4[Al] + 3(SiO₂) → 2(Al₂O₃) + 3[Si]

(1)

$$\Delta G=\Delta G^{\theta }+RT\ln \frac{a_{{}_{({\mathrm{Al}}_2{\mathrm{O}}_3)}}^2{a}_{{}_{[\mathrm{Si}]}}^3}{a_{{}_{({\mathrm{SiO}}_2)}}^3{a}_{{}_{[\mathrm{Al}]}}^4}$$

(2)

where $\Delta G$, $\Delta G^{\theta }$, R, T, a_i are the reaction Gibbs free energy change, standard reaction Gibbs free energy change, gas constant (8.314 J/(mol·K)), temperature, and activity of component i, respectively. Thus, for a certain steel, the activities of various components in mold flux are crucial parameters to determine the extent of reaction at the steel–slag interface. Currently, the application of thermodynamic software is a preferred approach to predict the activities of components in mold flux. However, the thermodynamic software has limited scope because of the lack of some databases. In order to make up for the shortcomings of the thermodynamic software, the ion and molecular coexistence theory (IMCT) was proposed by Chuiko. N.M. in 1960s [10], which could predict the activity of each component of multi-component flux system. When using IMCT, the activity of each component in the flux can be expressed by the mass action concentration [10]. The accuracy to predict activities of components has been confirmed for flux melts, such as FeO-Fe₂O₃-SiO₂ [10], CaO-SiO₂-Al₂O₃-MgO [10], Na₂O-SiO₂ [10], NiO-MgO [11], CaO–Al₂O₃–Ce₂O₃ [12], and CaO-SiO₂-Al₂O₃-FeO-CaF₂-La₂O₃-Nb₂O₅-TiO₂ [13]. Our previous studies [14] indicated that the flux system of CaO-BaO-Al₂O₃-SiO₂-CaF₂-Li₂O as a low-reactive flux system is expected to be applied for continuous casting of high-Mn high-Al steel.

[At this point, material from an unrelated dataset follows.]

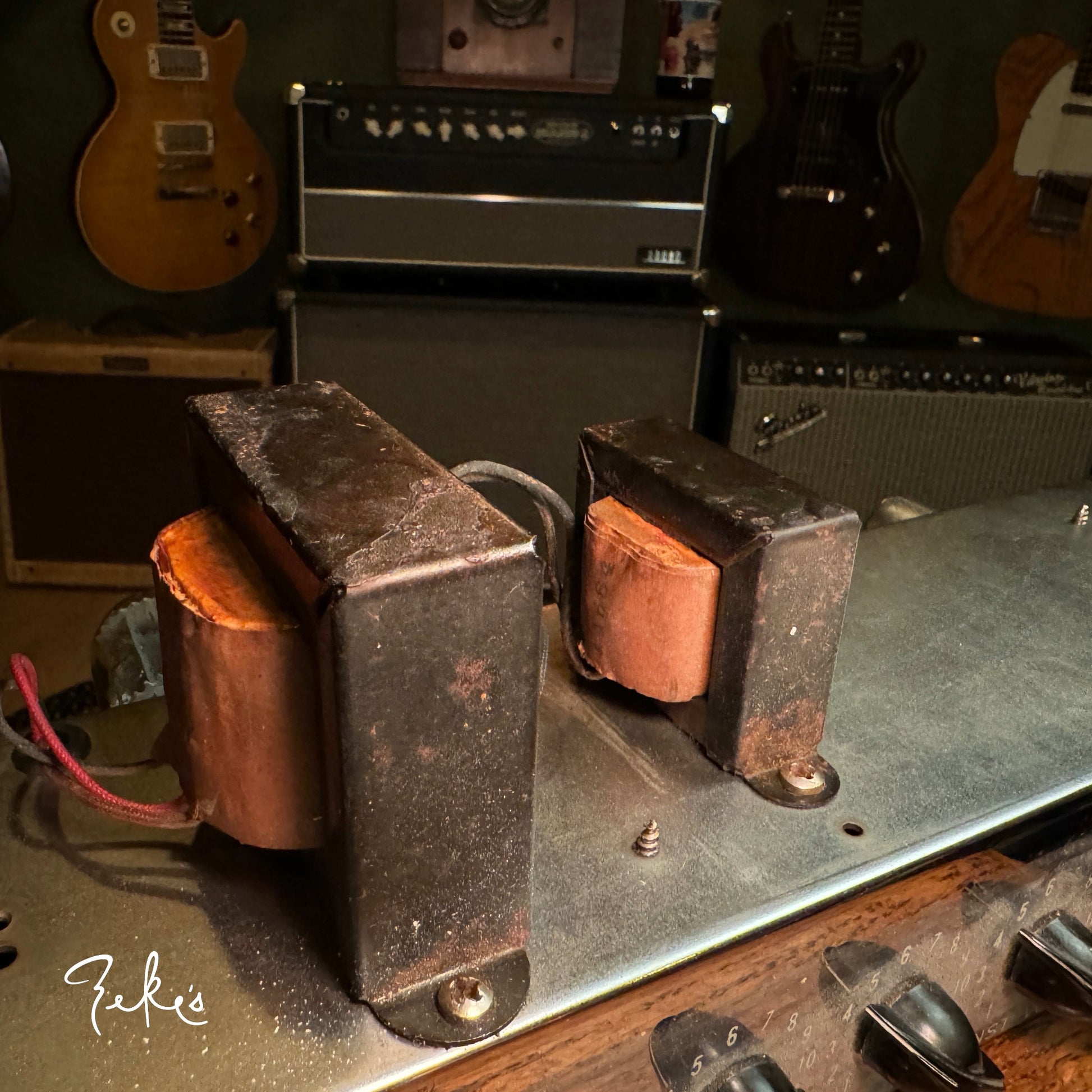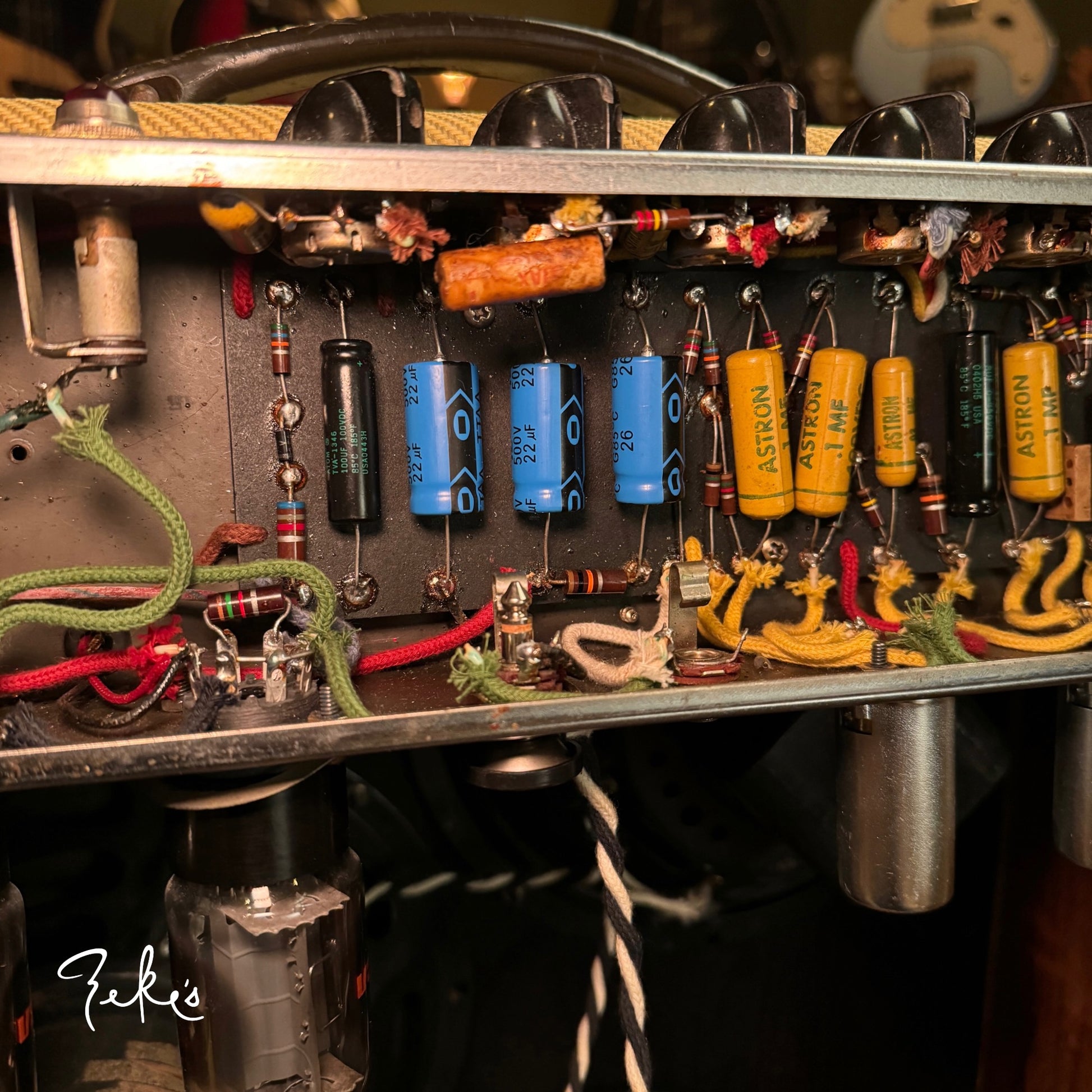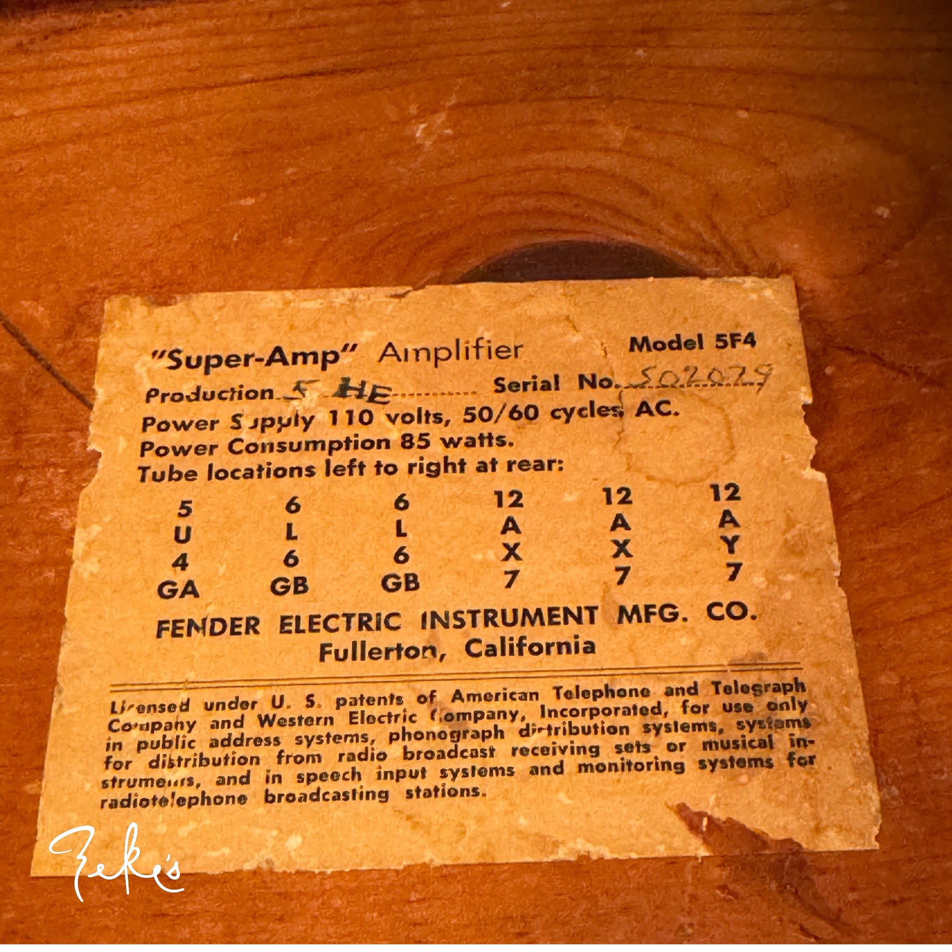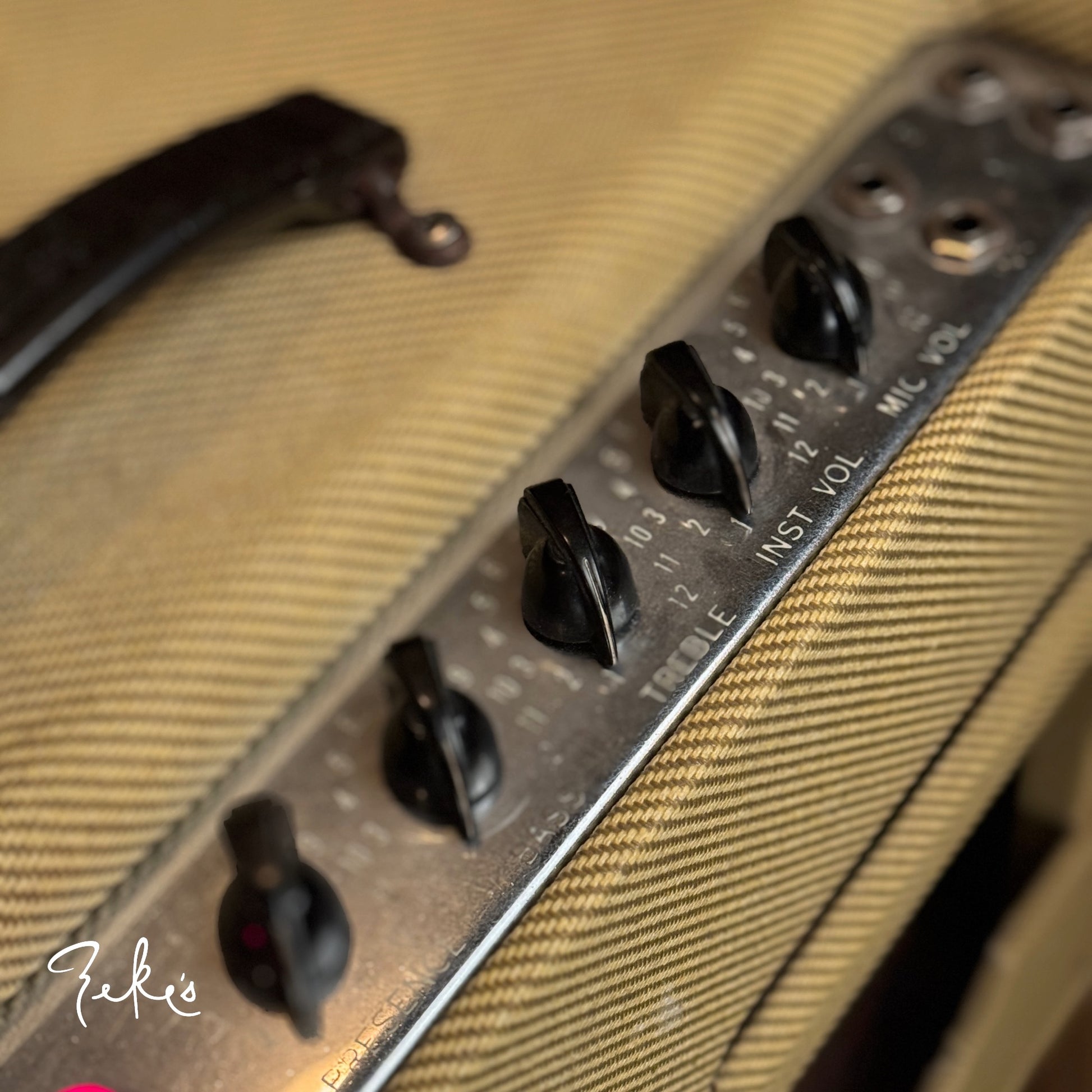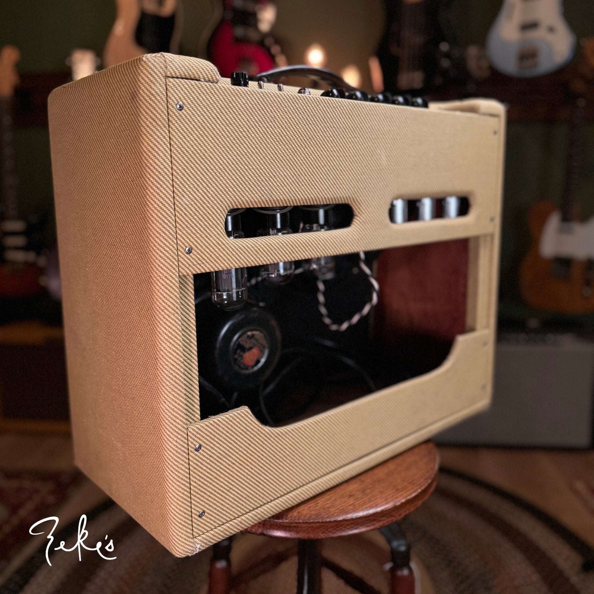 Zeke’s Guitars & Mercantile is happy to have this great-sounding Tweed Super. The tweed has been professionally replaced. Basic maintenance and some caps, tube sockets, etc have been replaced as typically needed. It has vintage tubes which still function and sound great. Another great example of late 50s tweed tone.

To deeply understand during the contact of steel and flux, the obtainment of activity data in flux melts is urgent. In this study, a thermodynamic model is established to calculate the activity of the components in CaO-BaO-Al₂O₃-SiO₂-CaF₂-Li₂O mold flux based on IMCT (Ion and molecular coexistence theory) at 1773 K. In addition, the steel–slag contact experiment was conducted to verify the accuracy of the prediction. The effects of mass ratio of Al₂O₃/SiO₂ and content of CaF₂ and Li₂O were discussed.

2. Methodology

2.1. Structural Units and Mass Action Concentration

IMCT assumed that structural units of molten flux consisted of simple ions, simple and complex molecules. The simple ions participate in the formation of complex molecules in the form of ion couples, and each pair of cation and anion occupies one structural unit. For CaO-BaO-Al₂O₃-SiO₂-CaF₂-Li₂O system, Ca²⁺, Ba²⁺, Li⁺, F⁻, and O²⁻ as simple ions, and SiO₂ and Al₂O₃ as simple molecules existed. On the basis of ternary phase diagrams of CaO-SiO₂-Al₂O₃, BaO-SiO₂-Al₂O₃, CaO-Al₂O₃-CaF₂, CaO-SiO₂-CaF₂, and Al₂O₃-SiO₂-Li₂O, and binary phase diagrams of CaO-SiO₂, CaO-Al₂O₃, BaO-SiO₂, BaO-Al₂O₃, Li₂O-SiO₂, and Li₂O-Al₂O₃ [15,16,17], there are 33 major species of complex molecules that form within the temperature range of 1673–1823 K. The structural units and corresponding mole numbers are listed in

Table 1. Mole number and mass action concentration of the structural units.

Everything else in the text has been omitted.